**Collected material**.
^^^^^^^^

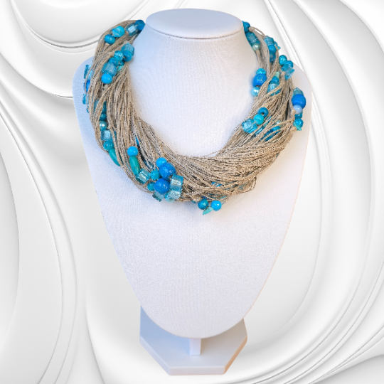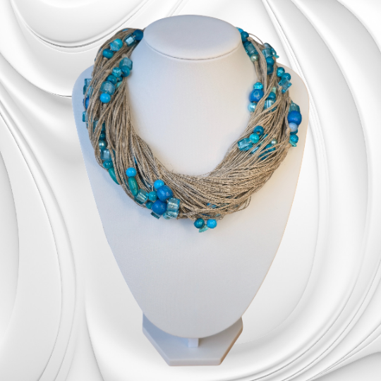 Napisz pierwszą opinię o „Naszyjnik w kolorze turkusu z lnu szkła i koralików”
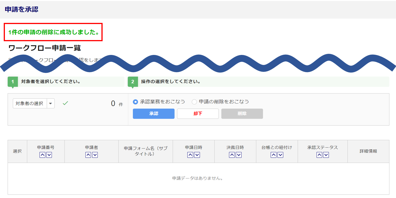 画面上部に「〇件の申請の削除に成功しました。」と表示され、一覧から対象の申請情報が削除されます。
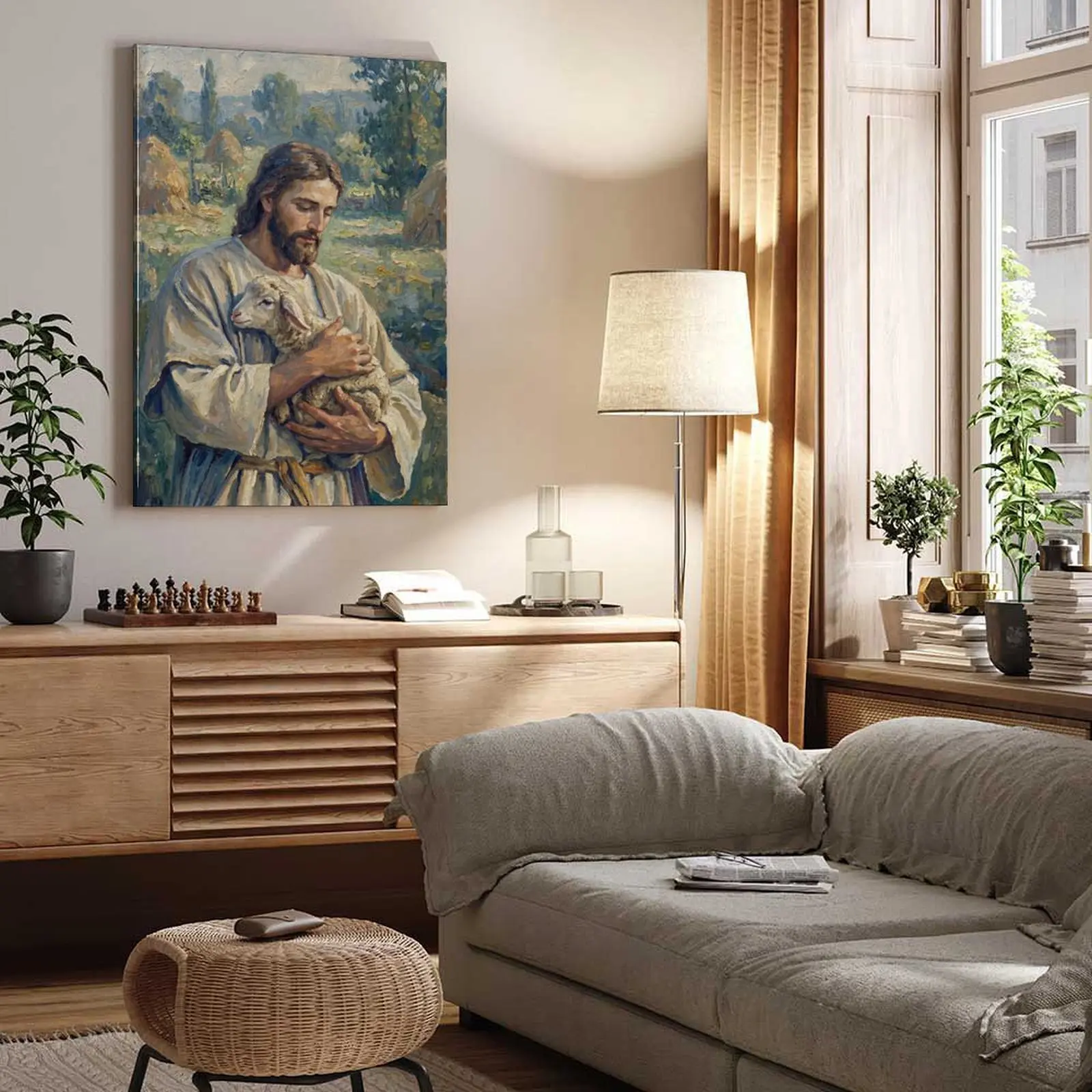 🙏 This canvas print is a significant piece for Christian homes. It beautifully captures the essence of faith and love. Display it to inspire and remind yourself and others of the profound message it conveys.

^^^^^^^^

**Problem to solve**.
What you output must match the data exactly, apart from the pictures, which are left out.

**Exercise solution**.
 Napisz pierwszą opinię o „Naszyjnik w kolorze turkusu z lnu szkła i koralików”
 画面上部に「〇件の申請の削除に成功しました。」と表示され、一覧から対象の申請情報が削除されます。
 🙏 This canvas print is a significant piece for Christian homes. It beautifully captures the essence of faith and love. Display it to inspire and remind yourself and others of the profound message it conveys.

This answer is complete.